_PROVIDED MATERIAL_

== == ==

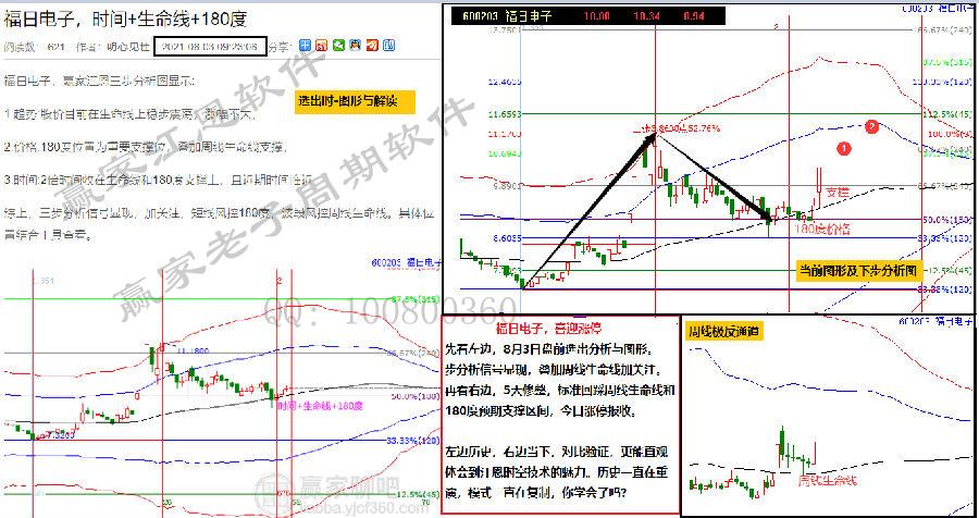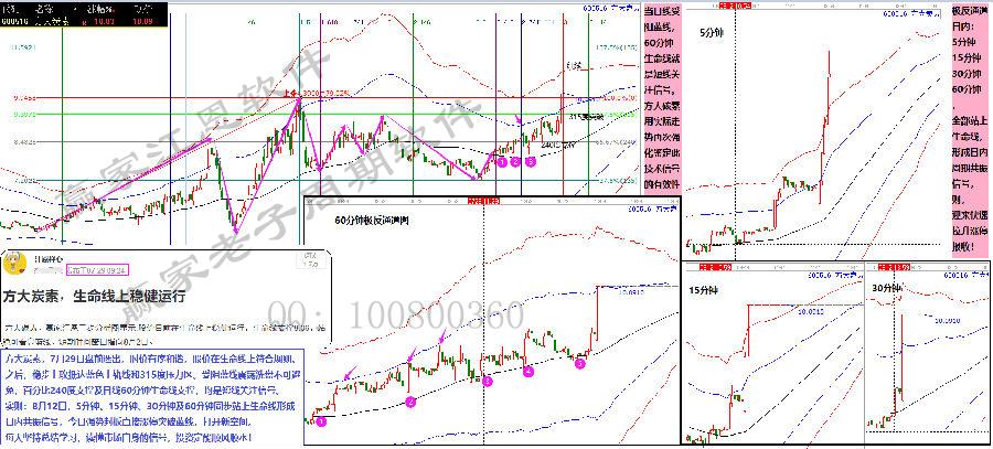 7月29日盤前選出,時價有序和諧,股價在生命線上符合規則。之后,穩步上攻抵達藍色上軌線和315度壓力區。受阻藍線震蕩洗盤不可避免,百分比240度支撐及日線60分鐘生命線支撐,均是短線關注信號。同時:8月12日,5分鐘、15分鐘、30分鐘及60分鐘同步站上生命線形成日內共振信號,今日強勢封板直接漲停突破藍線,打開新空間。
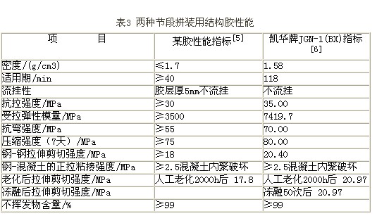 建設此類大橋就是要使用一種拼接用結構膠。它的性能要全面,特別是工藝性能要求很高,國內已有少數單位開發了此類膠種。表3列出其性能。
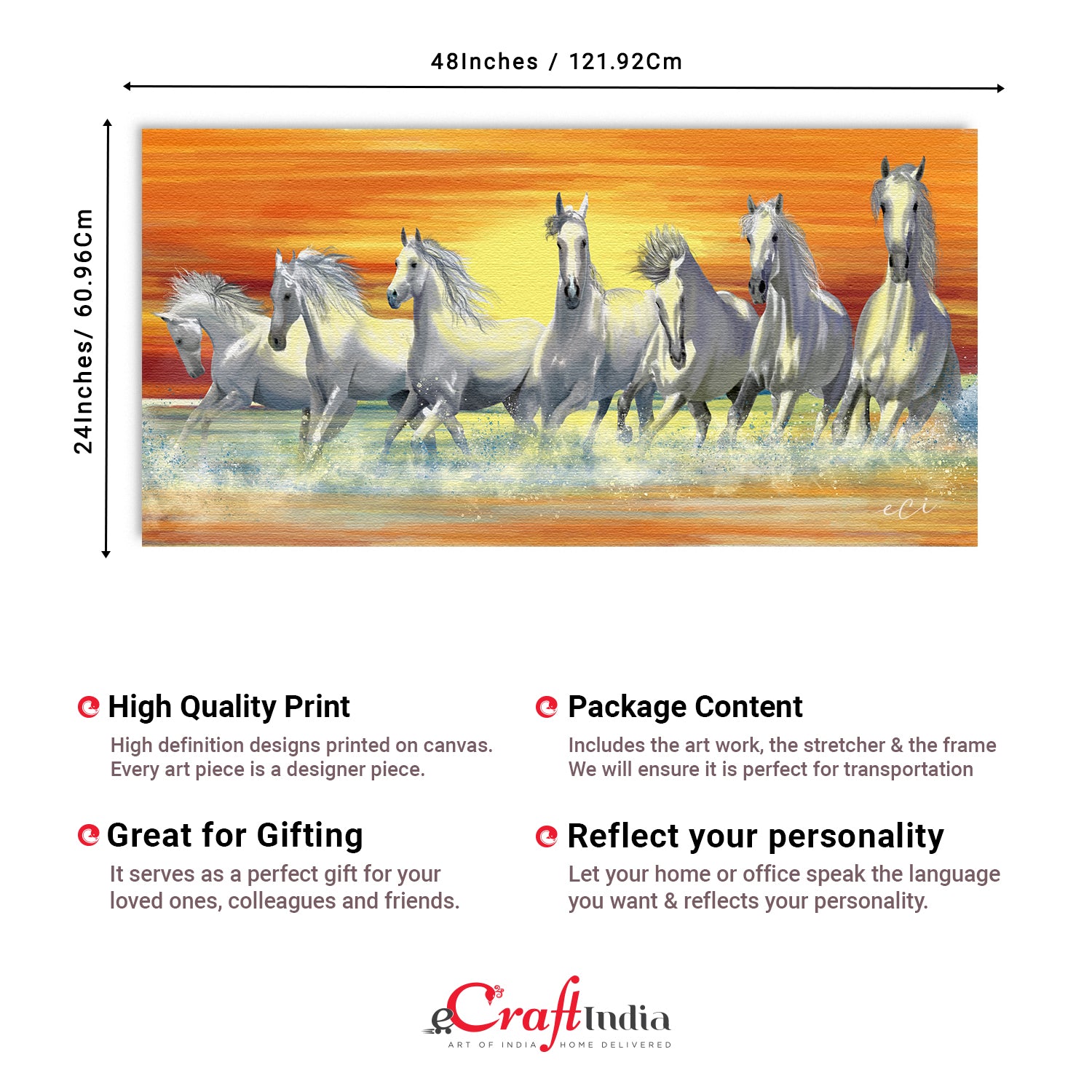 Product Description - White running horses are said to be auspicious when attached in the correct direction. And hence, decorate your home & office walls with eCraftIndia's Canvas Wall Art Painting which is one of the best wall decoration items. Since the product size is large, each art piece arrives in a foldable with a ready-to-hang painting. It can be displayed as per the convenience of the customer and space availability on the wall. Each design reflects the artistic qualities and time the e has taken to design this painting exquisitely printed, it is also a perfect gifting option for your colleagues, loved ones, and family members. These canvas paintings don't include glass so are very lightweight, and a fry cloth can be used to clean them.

== == ==

_TASK INSTRUCTIONS_
From the data above, write out everything exactly except the pictures.

_TASK OUTPUT_
 7月29日盤前選出,時價有序和諧,股價在生命線上符合規則。之后,穩步上攻抵達藍色上軌線和315度壓力區。受阻藍線震蕩洗盤不可避免,百分比240度支撐及日線60分鐘生命線支撐,均是短線關注信號。同時:8月12日,5分鐘、15分鐘、30分鐘及60分鐘同步站上生命線形成日內共振信號,今日強勢封板直接漲停突破藍線,打開新空間。
 建設此類大橋就是要使用一種拼接用結構膠。它的性能要全面,特別是工藝性能要求很高,國內已有少數單位開發了此類膠種。表3列出其性能。
 Product Description - White running horses are said to be auspicious when attached in the correct direction. And hence, decorate your home & office walls with eCraftIndia's Canvas Wall Art Painting which is one of the best wall decoration items. Since the product size is large, each art piece arrives in a foldable with a ready-to-hang painting. It can be displayed as per the convenience of the customer and space availability on the wall. Each design reflects the artistic qualities and time the e has taken to design this painting exquisitely printed, it is also a perfect gifting option for your colleagues, loved ones, and family members. These canvas paintings don't include glass so are very lightweight, and a fry cloth can be used to clean them.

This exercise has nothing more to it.